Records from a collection
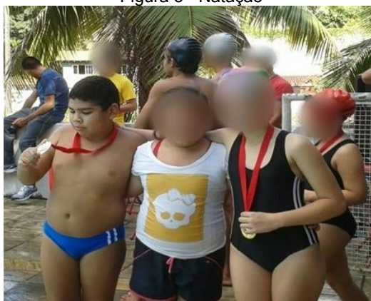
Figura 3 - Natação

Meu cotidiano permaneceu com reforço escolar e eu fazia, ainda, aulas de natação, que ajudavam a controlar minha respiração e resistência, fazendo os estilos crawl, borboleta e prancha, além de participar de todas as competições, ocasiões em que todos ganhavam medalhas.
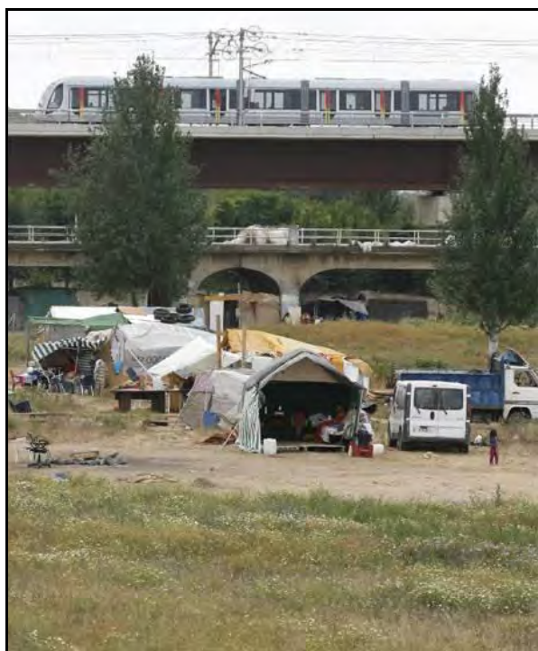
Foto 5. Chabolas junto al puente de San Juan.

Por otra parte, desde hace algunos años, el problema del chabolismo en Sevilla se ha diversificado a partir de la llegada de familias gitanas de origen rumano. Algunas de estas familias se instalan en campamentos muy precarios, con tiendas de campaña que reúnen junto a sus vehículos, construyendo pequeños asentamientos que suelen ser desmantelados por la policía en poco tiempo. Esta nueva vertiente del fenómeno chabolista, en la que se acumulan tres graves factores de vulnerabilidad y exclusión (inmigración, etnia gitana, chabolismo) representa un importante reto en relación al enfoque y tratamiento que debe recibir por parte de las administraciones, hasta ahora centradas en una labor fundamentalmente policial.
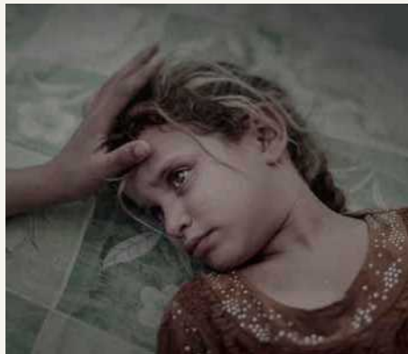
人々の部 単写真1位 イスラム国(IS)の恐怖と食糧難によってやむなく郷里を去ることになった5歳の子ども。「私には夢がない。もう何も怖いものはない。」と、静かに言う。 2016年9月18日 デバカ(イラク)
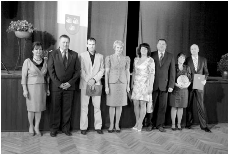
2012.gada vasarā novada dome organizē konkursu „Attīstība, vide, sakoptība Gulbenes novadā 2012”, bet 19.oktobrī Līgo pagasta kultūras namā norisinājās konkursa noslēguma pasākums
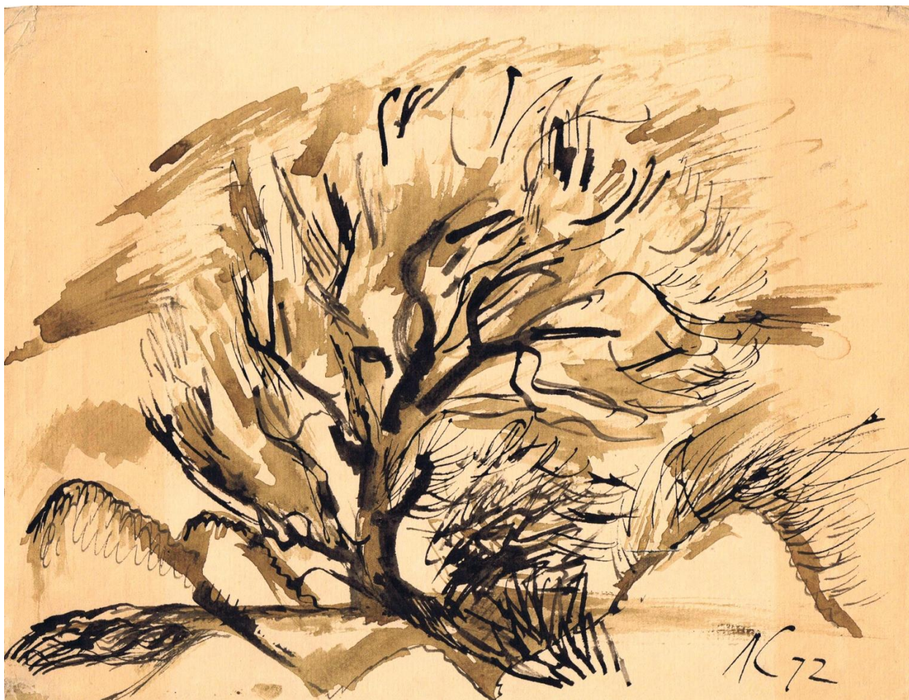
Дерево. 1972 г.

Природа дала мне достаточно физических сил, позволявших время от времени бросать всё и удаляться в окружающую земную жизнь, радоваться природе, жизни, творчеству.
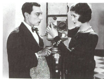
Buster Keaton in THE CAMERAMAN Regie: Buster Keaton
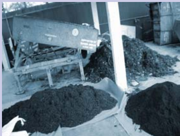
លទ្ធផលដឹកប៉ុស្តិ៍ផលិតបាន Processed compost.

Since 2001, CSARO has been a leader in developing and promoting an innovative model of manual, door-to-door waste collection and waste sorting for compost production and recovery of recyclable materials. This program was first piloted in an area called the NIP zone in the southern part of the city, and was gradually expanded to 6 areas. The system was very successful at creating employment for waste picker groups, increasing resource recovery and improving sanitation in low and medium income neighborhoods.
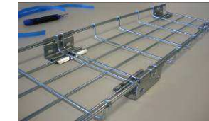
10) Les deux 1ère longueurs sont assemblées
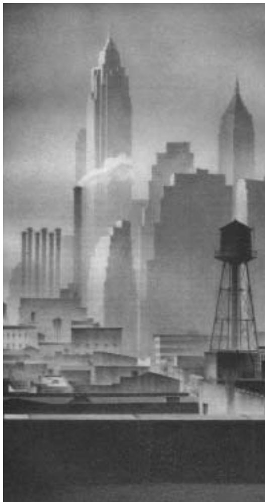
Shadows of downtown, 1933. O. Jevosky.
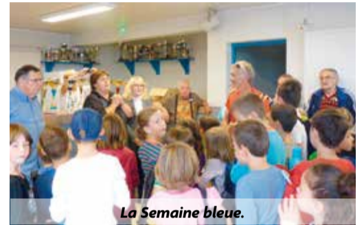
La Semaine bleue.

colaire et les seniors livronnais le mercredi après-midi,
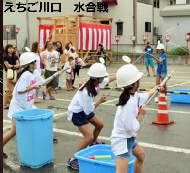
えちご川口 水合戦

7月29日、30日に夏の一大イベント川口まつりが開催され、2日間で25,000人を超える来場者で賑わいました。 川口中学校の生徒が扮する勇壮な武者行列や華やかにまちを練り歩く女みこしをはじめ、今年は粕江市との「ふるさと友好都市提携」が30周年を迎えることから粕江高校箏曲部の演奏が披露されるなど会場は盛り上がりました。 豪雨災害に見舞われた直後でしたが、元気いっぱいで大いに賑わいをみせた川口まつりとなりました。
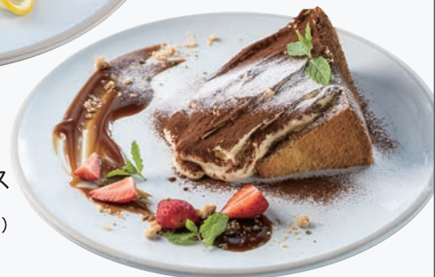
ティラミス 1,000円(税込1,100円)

---

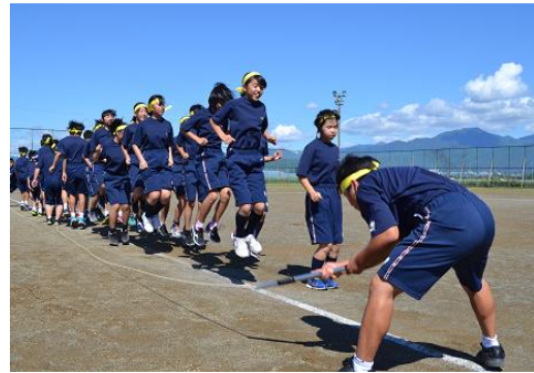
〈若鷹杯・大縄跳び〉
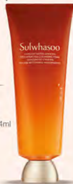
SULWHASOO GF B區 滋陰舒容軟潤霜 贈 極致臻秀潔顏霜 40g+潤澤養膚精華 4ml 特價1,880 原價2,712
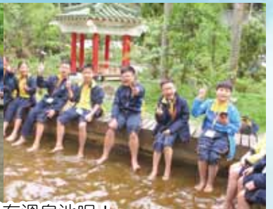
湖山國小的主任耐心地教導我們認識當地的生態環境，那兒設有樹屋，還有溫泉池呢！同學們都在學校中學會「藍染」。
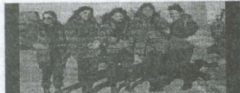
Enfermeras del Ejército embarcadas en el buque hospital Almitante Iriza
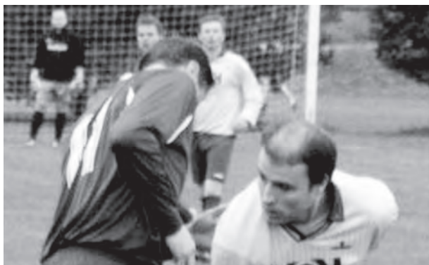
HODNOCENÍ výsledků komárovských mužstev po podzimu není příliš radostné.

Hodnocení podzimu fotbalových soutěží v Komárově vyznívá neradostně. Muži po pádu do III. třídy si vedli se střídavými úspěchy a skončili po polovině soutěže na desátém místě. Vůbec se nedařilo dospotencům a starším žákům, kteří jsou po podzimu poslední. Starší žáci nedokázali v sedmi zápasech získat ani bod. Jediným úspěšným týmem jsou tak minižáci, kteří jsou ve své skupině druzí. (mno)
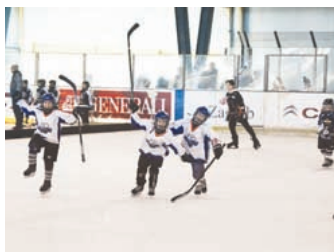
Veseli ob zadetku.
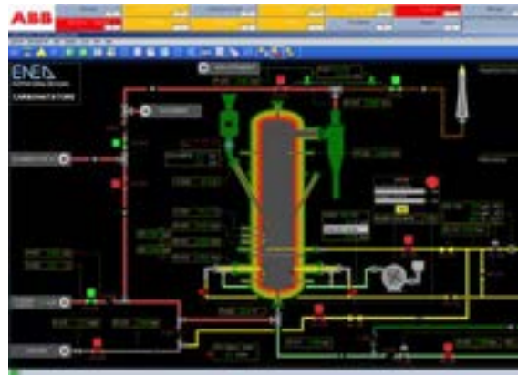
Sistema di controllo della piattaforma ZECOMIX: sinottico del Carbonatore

---

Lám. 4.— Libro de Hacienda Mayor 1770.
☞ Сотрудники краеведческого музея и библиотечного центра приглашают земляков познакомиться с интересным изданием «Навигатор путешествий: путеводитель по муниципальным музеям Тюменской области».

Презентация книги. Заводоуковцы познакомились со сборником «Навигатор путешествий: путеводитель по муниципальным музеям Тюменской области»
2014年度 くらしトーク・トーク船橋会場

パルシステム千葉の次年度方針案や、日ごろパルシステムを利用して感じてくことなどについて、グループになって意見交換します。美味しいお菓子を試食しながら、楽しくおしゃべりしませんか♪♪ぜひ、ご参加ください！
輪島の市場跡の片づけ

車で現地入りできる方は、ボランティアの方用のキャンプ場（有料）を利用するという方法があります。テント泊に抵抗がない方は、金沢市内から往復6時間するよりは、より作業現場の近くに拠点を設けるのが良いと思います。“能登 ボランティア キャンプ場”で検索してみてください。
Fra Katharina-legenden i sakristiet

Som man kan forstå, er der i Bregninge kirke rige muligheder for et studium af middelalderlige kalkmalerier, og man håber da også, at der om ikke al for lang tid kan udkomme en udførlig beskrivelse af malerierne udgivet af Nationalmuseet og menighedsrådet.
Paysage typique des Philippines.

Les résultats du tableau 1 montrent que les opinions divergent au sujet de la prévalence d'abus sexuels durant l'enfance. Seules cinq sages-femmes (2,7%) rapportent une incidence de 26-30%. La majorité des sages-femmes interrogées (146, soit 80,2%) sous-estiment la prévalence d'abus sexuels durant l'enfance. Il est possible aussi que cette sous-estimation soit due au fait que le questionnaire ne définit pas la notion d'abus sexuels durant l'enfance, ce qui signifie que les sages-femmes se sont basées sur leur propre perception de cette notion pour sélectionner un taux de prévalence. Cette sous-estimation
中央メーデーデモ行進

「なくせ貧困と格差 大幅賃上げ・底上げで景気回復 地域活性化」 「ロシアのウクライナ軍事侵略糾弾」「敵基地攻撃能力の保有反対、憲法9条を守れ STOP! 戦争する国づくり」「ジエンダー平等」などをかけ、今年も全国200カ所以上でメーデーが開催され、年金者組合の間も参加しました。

> What is expected
Both the line containing "Презентация книги. Заводоуковцы" and the line containing "Fra Katharina-legenden i sakristiet" belong in the answer. Print them and every line above that falls between them exactly, and no others.

> The completed task
Презентация книги. Заводоуковцы познакомились со сборником «Навигатор путешествий: путеводитель по муниципальным музеям Тюменской области»
2014年度 くらしトーク・トーク船橋会場

パルシステム千葉の次年度方針案や、日ごろパルシステムを利用して感じてくことなどについて、グループになって意見交換します。美味しいお菓子を試食しながら、楽しくおしゃべりしませんか♪♪ぜひ、ご参加ください！
輪島の市場跡の片づけ

車で現地入りできる方は、ボランティアの方用のキャンプ場（有料）を利用するという方法があります。テント泊に抵抗がない方は、金沢市内から往復6時間するよりは、より作業現場の近くに拠点を設けるのが良いと思います。“能登 ボランティア キャンプ場”で検索してみてください。
Fra Katharina-legenden i sakristiet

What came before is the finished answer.